The State Fair

science_fair_projects.gifAs far as I’m concerned, two things of note happened in 1994.  First, I won the science fair.  And second, after spending weeks recreating a miniature, but insanely scrupulous papier-mâché Mt. Rushmore, I lost the fifth grade “state fair” by handing out fist-sized bags of pure, unadorned flour as a snack during my oral presentation.  And yet, neither the triumph nor the failure were really mine alone: I had what’s known a yes-man on both counts.  (You know who you are.  Mom.)

My science fair experiment, adapted from a handy “ideas for science fair experiments” book that my mother had bought me, involved gauging a volunteer’s stress level, showing them a bit of a scary movie, and then checking to see how the clip had affected their heart rate.  I can remember that the book recommended Psycho as an anxiety-provoking choice, and that it specified that the experiment be performed on adults not currently taking any medication.  As we didn’t own Psycho – nor possess many reliably non-medicated family friends - I came up with a few minor variables of my own. 

natural_born_killers.jpgExcited, I told my mother what I planned to do, and with her uncanny ability to support what is least appropriate for children, she approved it.  And so, armed with my middle-aged father’s at-home blood pressure finger cuff, I subjected thirty-two Catholic ten-year-olds to select scenes from a Natural Born Killers VHS tape.  The results were fantastic, and not only for the science fair: in the eyes of my peers, some of whom had never seen a PG13 movie, I instantly reigned supreme.  (Looking back on this I remember it as being better than any birthday.  We all lined up in school uniform, our happily terrified faces illuminated by the warm glow of unsuitable footage, and giddily awaited the blood pressure machine’s serious, medical beep…  Did we make them, or their parents, sign release forms?  How were we not sued by a trove of angry Catholics? )

Unfortunately, my cult status didn’t last long: our end of the year project - the state fair – started off badly.  We’d covered the American Revolution going into it, and ever the consummate anglophile brat, I’d announced to anyone who would listen that I identified with the English, going so far as to bring my British passport to “hand round” at school.  I might’ve chosen South Dakota, a nice Midwestern state, to restore my American rep, but in reality I was an incorrigible grade grubber and thought I might earn points for selecting this remote, wholesome state over say, the much coveted Florida.  This predilection for kissing-ass became my eventual downfall: extra credit was to be awarded to those students who incorporated an edible handout into their presentation, something to “bring the region to life”.  How could I resist?  The Florida kid, I knew, was bringing oranges, and after a brief consultation and the green light from my mother, I assembled thirty-two wax paper pouches of whole wheat.

candy.jpgIf you can imagine a Fun Dip – that ubiquitous schoolyard candy consisting of a chalky stick and a package of sour-flavored sugar crystals to dip it into – you’ll understand why a few of my peers instantly licked their fingers and dove right in.  I had just embarked on an exhaustive discussion of the history of South Dakota – beginning with the line “In the time of the glaciers and the Bering Straight” - when a girl who I recall as particularly enjoying Natural Born Killers spit a pasty roux out onto the desk before her.  Her dry voice, after hoarking for a while, theatrically called out for water.  This began a symphony of disgust sounds punctuated with cries of “Try it!” “No you!” and the occasional, reproachful “Is this flour?”  In order to power through my presentation I distinctly remember concentrating on one detail: the handouts’ wax paper packaging, each one adorned, by my mother, with a lovely ink drawing of wheat.  Executed in black sharpie, and in her ominous style, my mom’s pictorial label suddenly seemed to me like the skull and crossbones on a poison jar.  And just like that, my would-be-legendary science fair project, and even my dutifully rendered Mt. Rushmore, was eclipsed by the kind of artistic serendipity that you just can’t teach. 

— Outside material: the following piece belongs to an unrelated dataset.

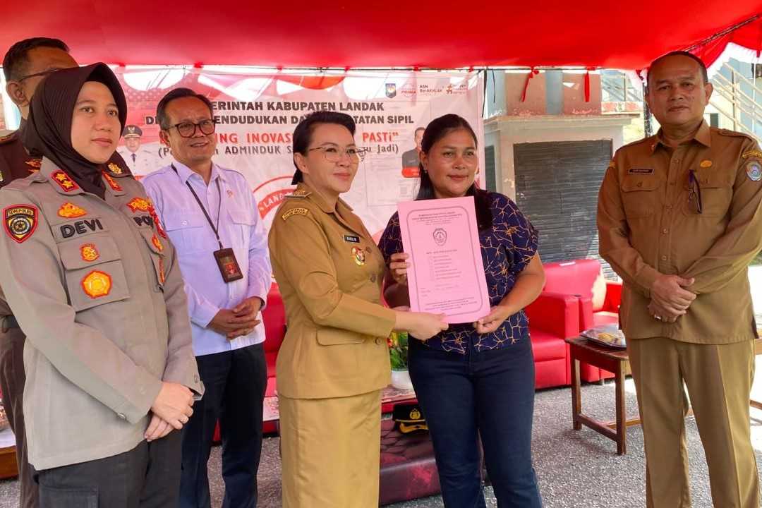 Bupati Landak Karolin Margret Natasa meluncurkan program "Landak Pasti". Inovasi ini menjamin dokumen kependudukan selesai maksimal dalam satu jam. (Foto: Hendri)

mt_rushmore.jpgBecause we French’s keep everything, I’ve not only resurrected my rendition of Mt. Rushmore this Fourth of July, but both my science and state fair papers as well.  My science fair project has a simple “First” on it, but the state fair paper, not quite up to snuff, goes into further detail.  It reads “Excellent opening.  Using humor is always a great way to get attention” and also “Your rye handouts were well prepared”.  My mom can’t have known that the flour was meant to be eaten, I must have omitted some crucial detail in my frenzy to make the grade, but then again, she does have a knack for interpretation.  Last night I asked her what she remembered of the state fair incident, and after a pause she responded.  “First of all, I’m not one hundred percent sure that wheat’s the biggest crop in South Dakota,” she said, adding, “Did you get an A?”

 

Agatha French is a Boston based writer about to make a cross country move.  After 12 years away from her home turf of Southern California, she will be returning to Los Angeles in the fall.  She, and Ryan, are very much looking forward to the year round fruit.